The film hits on many of the concerns of the Campaign to Stop Killer Robots…
Robocop depicts a dangerous technology that is unpredictable/prone to malfunction. The 1987 film opens with a massive ED-209 robot machine malfunctioning and mangling an executive at a board meeting with a machine gun, while the 2014 remake opens in Tehran where the ED-209 kills an Iranian child holding a kitchen knife, reading his intentions as “revenge” after the boy’s father is killed. Despite the flaws in artificial intelligence, a US general defends the weapons, stating that “from a military perspective this [technology] has been invaluable.” Facial recognition is used by ED-209 droids and humanoid EM-208s to identify and locate potential insurgents and suspected criminals from CCTV footage and other sources. In the advance publicity for Robocop, an Omnicorp website was created to promote the company’s fake robotic weapons.

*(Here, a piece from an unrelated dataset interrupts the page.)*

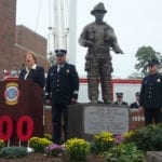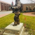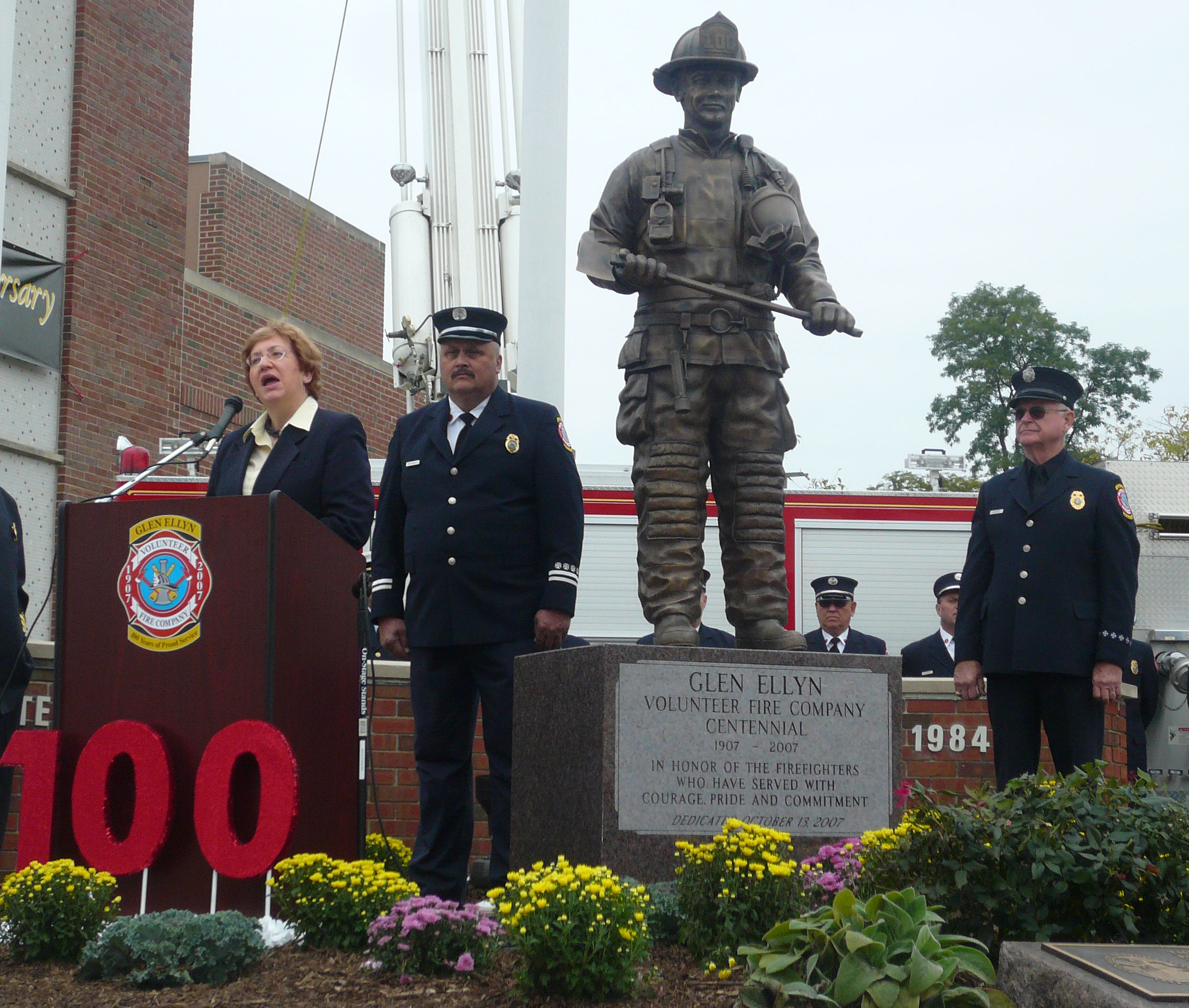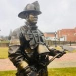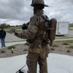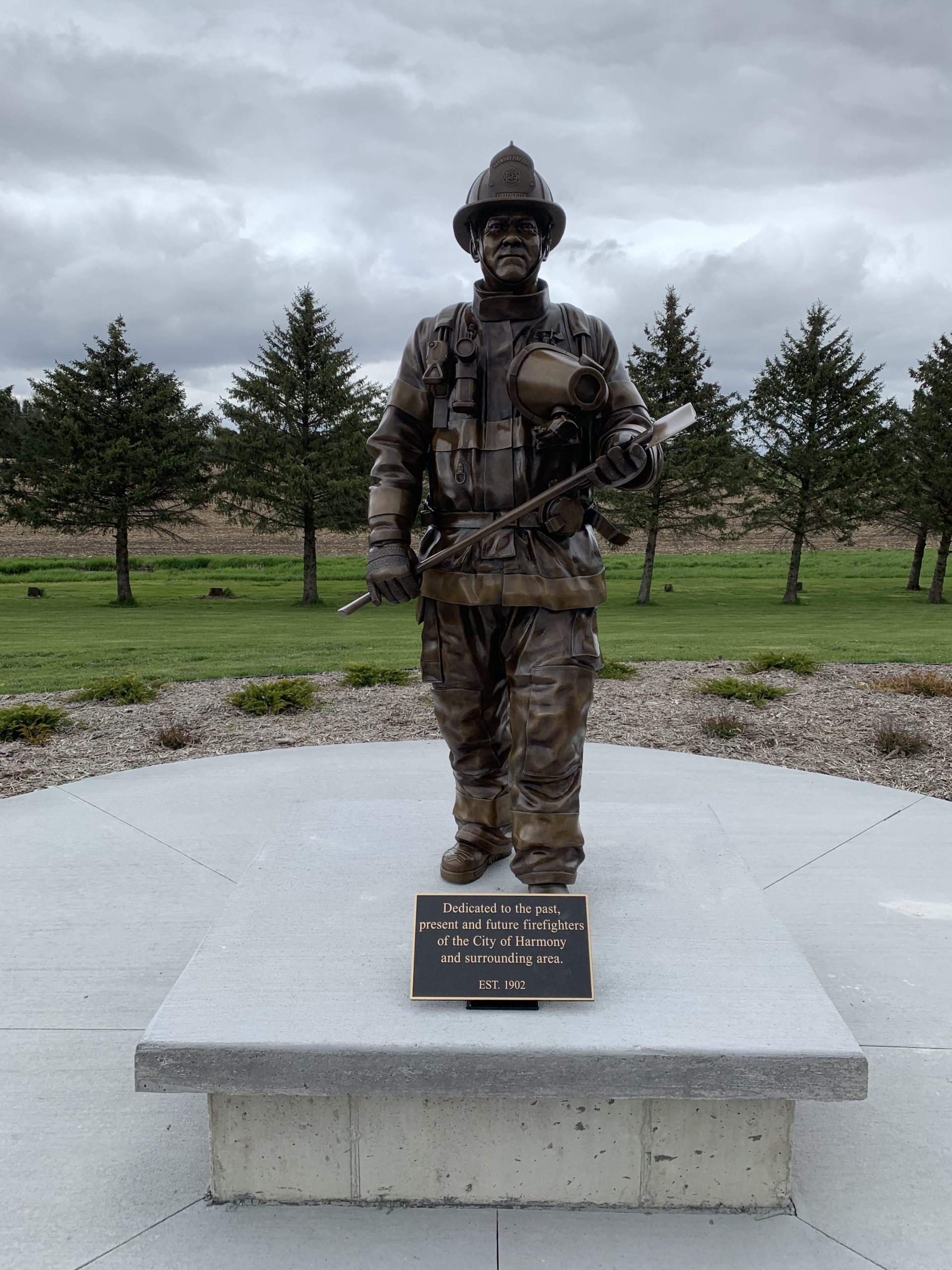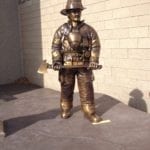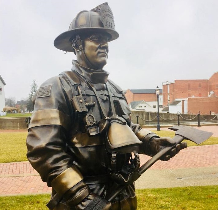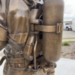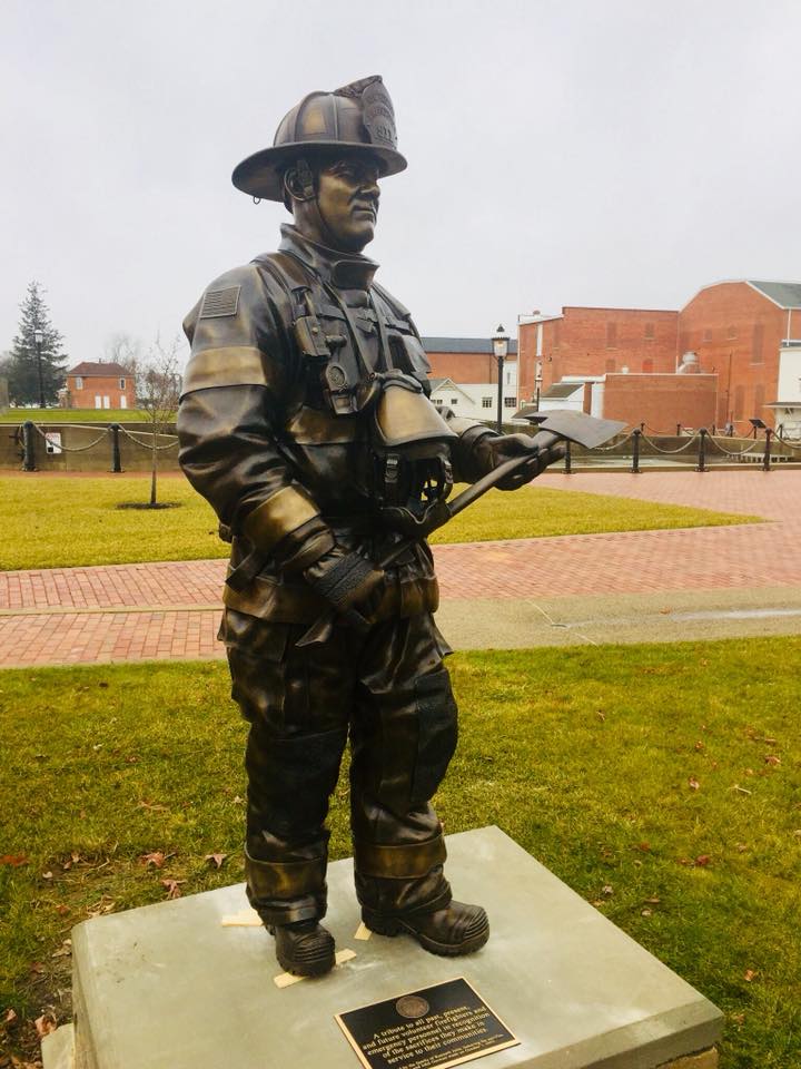 A standing firefighter in full turnout gear holding an axe. Each statue is completely custom to your department. It will be sculpted with your uniform, patches, equipment, and gear. The equipment and gear will be the same makes and models of the items used by your department. For example the same style of helmet or the same make and model of air pack that is worn by your department. You have the choice of sex, race, and age of the statue.

The film shows the proliferation of robotic weapons technologies, spending a significant period of time on Robocop’s months-long construction at a sprawling factory in China where in one scene Murphy tries to escape, running past thousands of identically pink-coat-clad workers on a huge assembly line. Presumably RoboCop is created in China (at a cost of $2.6 billion) because US law would have forbid such action.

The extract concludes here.